▶ _Exercise requirements_:
Reproduce, from the lines below, exactly the stretch that begins at the line containing "художника Венцеслава Черны." and ends at the line containing "Но рекорд госзакупок", both included.

▶ _Given entries_:
────────────────────────────────────────
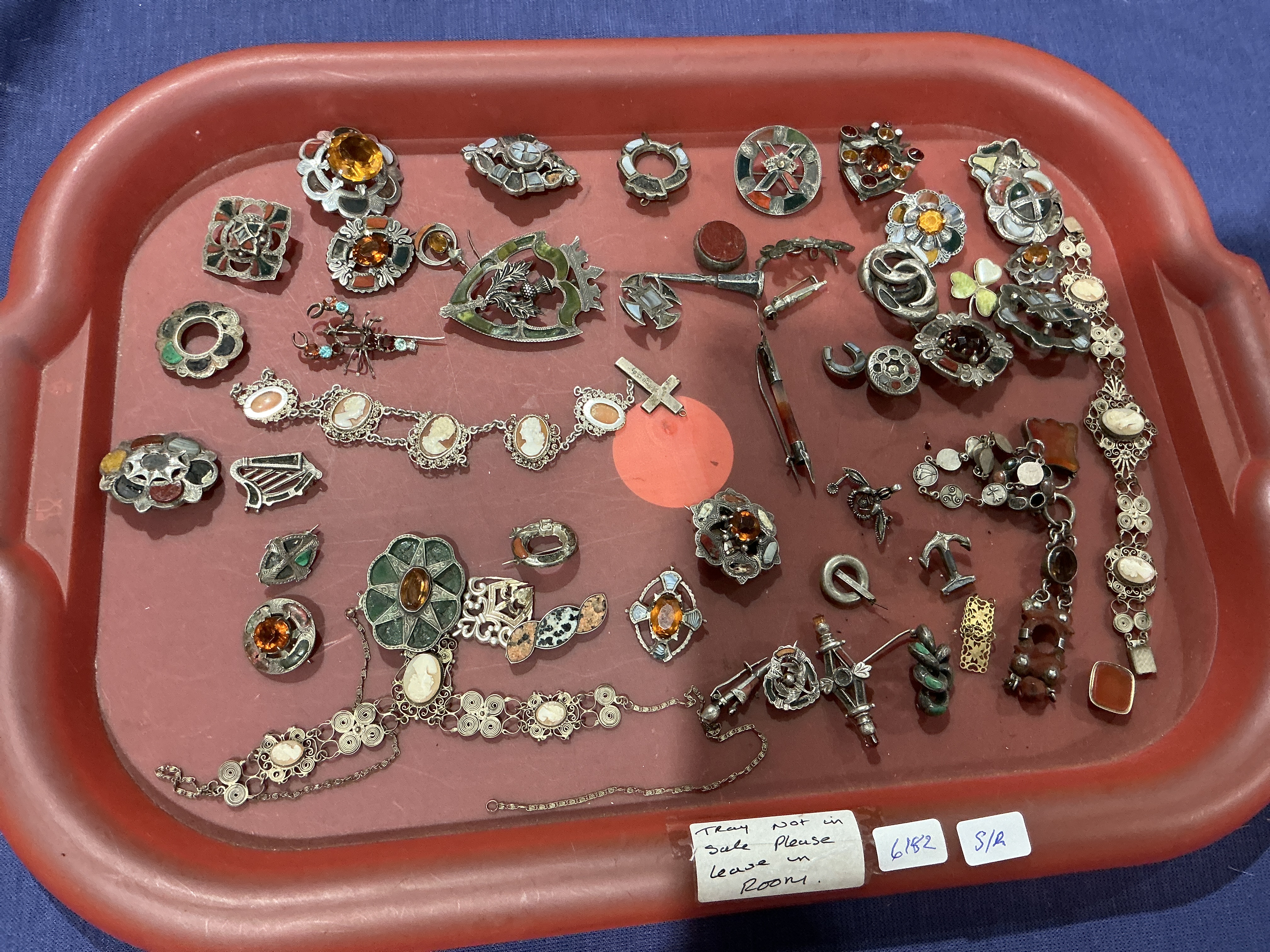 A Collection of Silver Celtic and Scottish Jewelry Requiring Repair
────────────────────────────────────────
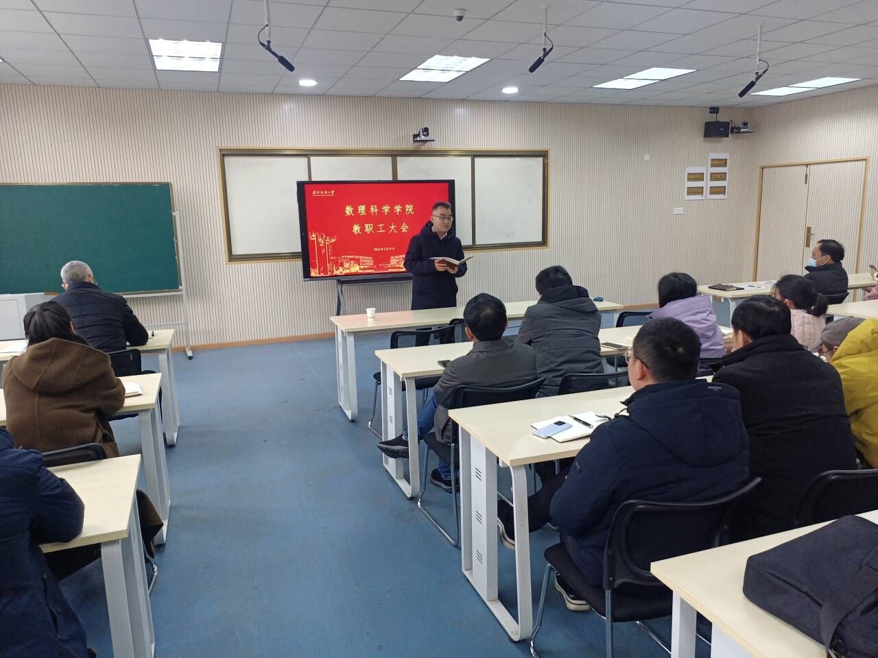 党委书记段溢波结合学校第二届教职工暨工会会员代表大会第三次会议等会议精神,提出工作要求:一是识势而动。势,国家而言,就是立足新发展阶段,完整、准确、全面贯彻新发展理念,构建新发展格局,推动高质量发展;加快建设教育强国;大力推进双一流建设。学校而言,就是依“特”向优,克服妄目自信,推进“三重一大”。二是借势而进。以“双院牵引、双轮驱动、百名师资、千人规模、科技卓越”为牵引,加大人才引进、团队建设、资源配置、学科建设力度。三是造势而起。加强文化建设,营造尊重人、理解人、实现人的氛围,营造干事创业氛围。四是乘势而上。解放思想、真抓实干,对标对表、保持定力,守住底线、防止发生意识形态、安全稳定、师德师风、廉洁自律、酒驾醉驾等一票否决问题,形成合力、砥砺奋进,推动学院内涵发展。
────────────────────────────────────────
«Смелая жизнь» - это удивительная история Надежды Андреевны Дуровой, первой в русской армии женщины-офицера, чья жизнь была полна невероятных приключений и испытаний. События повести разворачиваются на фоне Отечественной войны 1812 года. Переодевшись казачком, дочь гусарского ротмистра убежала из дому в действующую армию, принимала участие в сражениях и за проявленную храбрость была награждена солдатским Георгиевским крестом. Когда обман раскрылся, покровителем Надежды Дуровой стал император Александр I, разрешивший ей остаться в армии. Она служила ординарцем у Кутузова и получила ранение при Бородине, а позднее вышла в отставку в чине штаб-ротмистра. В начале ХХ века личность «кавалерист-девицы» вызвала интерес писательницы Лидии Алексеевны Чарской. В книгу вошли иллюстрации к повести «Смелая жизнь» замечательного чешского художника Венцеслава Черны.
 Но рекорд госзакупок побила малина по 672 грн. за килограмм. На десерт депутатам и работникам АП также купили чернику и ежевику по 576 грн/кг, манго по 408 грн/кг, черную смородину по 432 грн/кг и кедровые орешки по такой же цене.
────────────────────────────────────────
▶ _Output for this task_:
«Смелая жизнь» - это удивительная история Надежды Андреевны Дуровой, первой в русской армии женщины-офицера, чья жизнь была полна невероятных приключений и испытаний. События повести разворачиваются на фоне Отечественной войны 1812 года. Переодевшись казачком, дочь гусарского ротмистра убежала из дому в действующую армию, принимала участие в сражениях и за проявленную храбрость была награждена солдатским Георгиевским крестом. Когда обман раскрылся, покровителем Надежды Дуровой стал император Александр I, разрешивший ей остаться в армии. Она служила ординарцем у Кутузова и получила ранение при Бородине, а позднее вышла в отставку в чине штаб-ротмистра. В начале ХХ века личность «кавалерист-девицы» вызвала интерес писательницы Лидии Алексеевны Чарской. В книгу вошли иллюстрации к повести «Смелая жизнь» замечательного чешского художника Венцеслава Черны.
 Но рекорд госзакупок побила малина по 672 грн. за килограмм. На десерт депутатам и работникам АП также купили чернику и ежевику по 576 грн/кг, манго по 408 грн/кг, черную смородину по 432 грн/кг и кедровые орешки по такой же цене.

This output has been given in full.